**WHAT TO WORK ON:** In the material below, find the line with "SILVER argento argent plateado prata" and the line with "2. Dom van Pisa, spolia-zuilen", then output those two lines and every line between them, exactly.

**SUPPLIED RECORDS:**
= = =
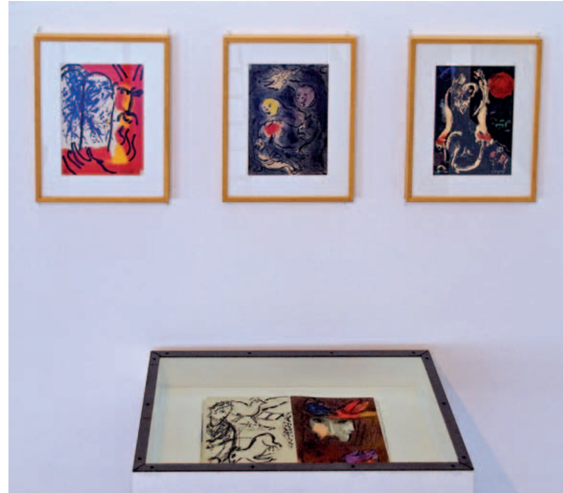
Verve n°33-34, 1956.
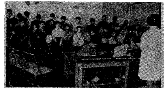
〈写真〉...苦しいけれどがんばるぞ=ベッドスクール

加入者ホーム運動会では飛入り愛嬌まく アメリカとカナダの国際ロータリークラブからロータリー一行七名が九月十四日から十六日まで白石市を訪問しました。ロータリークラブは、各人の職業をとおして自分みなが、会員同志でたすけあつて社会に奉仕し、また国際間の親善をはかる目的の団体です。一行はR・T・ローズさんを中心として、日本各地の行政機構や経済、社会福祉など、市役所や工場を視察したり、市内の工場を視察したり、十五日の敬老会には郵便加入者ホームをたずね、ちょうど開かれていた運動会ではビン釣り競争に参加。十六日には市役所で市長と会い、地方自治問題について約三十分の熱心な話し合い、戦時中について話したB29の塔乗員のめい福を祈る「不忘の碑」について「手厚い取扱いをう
= = =
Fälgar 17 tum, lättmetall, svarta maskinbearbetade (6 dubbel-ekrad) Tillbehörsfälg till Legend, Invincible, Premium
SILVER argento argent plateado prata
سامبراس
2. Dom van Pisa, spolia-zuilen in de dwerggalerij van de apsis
= = =
**WRITTEN ANSWER:**
SILVER argento argent plateado prata
سامبراس
2. Dom van Pisa, spolia-zuilen in de dwerggalerij van de apsis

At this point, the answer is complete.